ECLI:NL:RBDHA:2019:8598
Rechtbank Den Haag
- Eerste aanleg - enkelvoudig
- Rechtspraak.nl
Beoordeling van de aanvraag voor een verblijfsvergunning asiel in het kader van het interstatelijk vertrouwensbeginsel met betrekking tot Italië
Op 21 augustus 2019 heeft de Rechtbank Den Haag uitspraak gedaan in de zaak van een eiser met de Mauritaanse nationaliteit die een aanvraag voor een verblijfsvergunning asiel had ingediend. De aanvraag werd door de staatssecretaris van Justitie en Veiligheid niet in behandeling genomen, omdat Italië verantwoordelijk werd geacht voor de behandeling van de aanvraag op basis van de Dublinverordening. Eiser heeft hiertegen beroep ingesteld, waarbij hij stelde dat er tekortkomingen waren in de asielprocedure en opvangvoorzieningen in Italië, waardoor het interstatelijk vertrouwensbeginsel niet meer zou moeten gelden.
Tijdens de zitting op 7 augustus 2019 heeft eiser zijn standpunt toegelicht, ondersteund door verschillende rapporten en uitspraken. De rechtbank heeft echter geoordeeld dat eiser niet aannemelijk heeft gemaakt dat de situatie in Italië zodanig is verslechterd dat het interstatelijk vertrouwensbeginsel niet meer kan worden gehanteerd. De rechtbank verwees naar een eerdere uitspraak van de Afdeling bestuursrechtspraak van de Raad van State, waarin werd vastgesteld dat Italië nog steeds aan zijn verplichtingen voldoet.
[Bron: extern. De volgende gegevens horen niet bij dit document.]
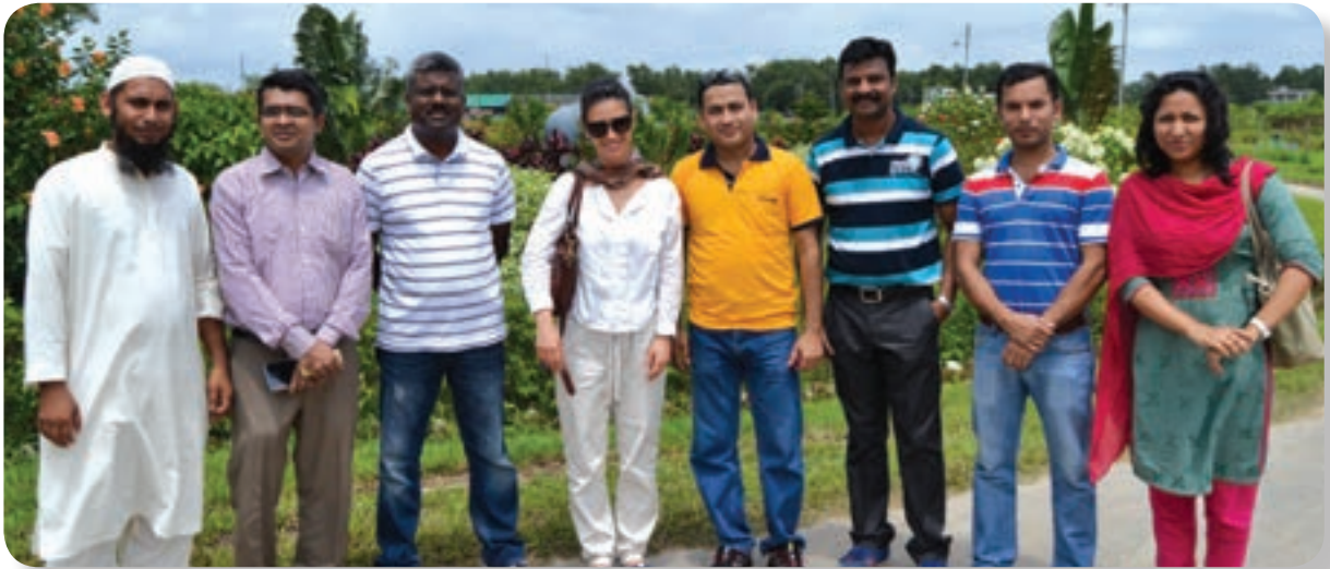
PSC faculty with visiting foreign police officer at Bangabandhu Safari Park in Gazipur.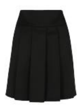
Black tailored skirt (tube style skirts are not permitted)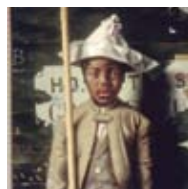
"AMERICAN ABC: CHILDHOOD IN THE 19TH CENTURY" IS DEVELOPED AND DEBUTS AT THE CANTOR ARTS CENTER BEFORE TRAVELING TO WASHINGTON FOR THE REOPENING OF THE SMITHSONIAN'S AMERICAN ART MUSEUM.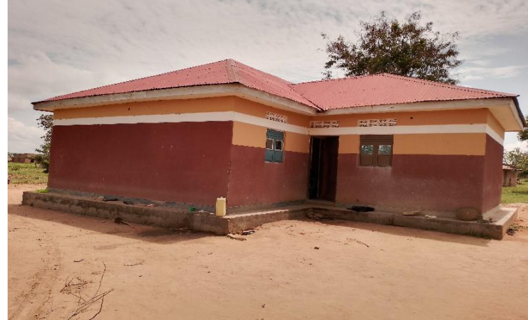
Eastern side of building F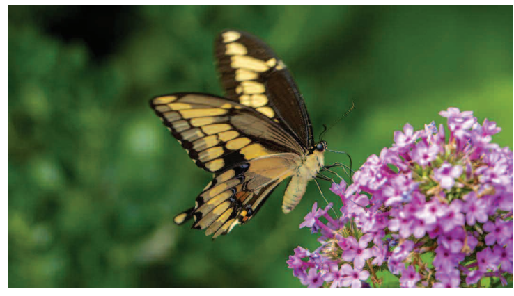
Giant Swallowtail ( Papilio cresphon tes), 8/7/22, Arlington, MA

Eiser's argumenten en de door hem ingediende stukken werden niet overtuigend geacht om de eerdere oordelen te weerleggen.
De rechtbank concludeerde dat de staatssecretaris terecht had besloten de aanvraag niet in behandeling te nemen en verklaarde het beroep van eiser ongegrond. Er werd geen aanleiding gezien voor een proceskostenveroordeling. De uitspraak werd openbaar gemaakt en er werd melding gemaakt van de mogelijkheid tot hoger beroep bij de Afdeling bestuursrechtspraak van de Raad van State.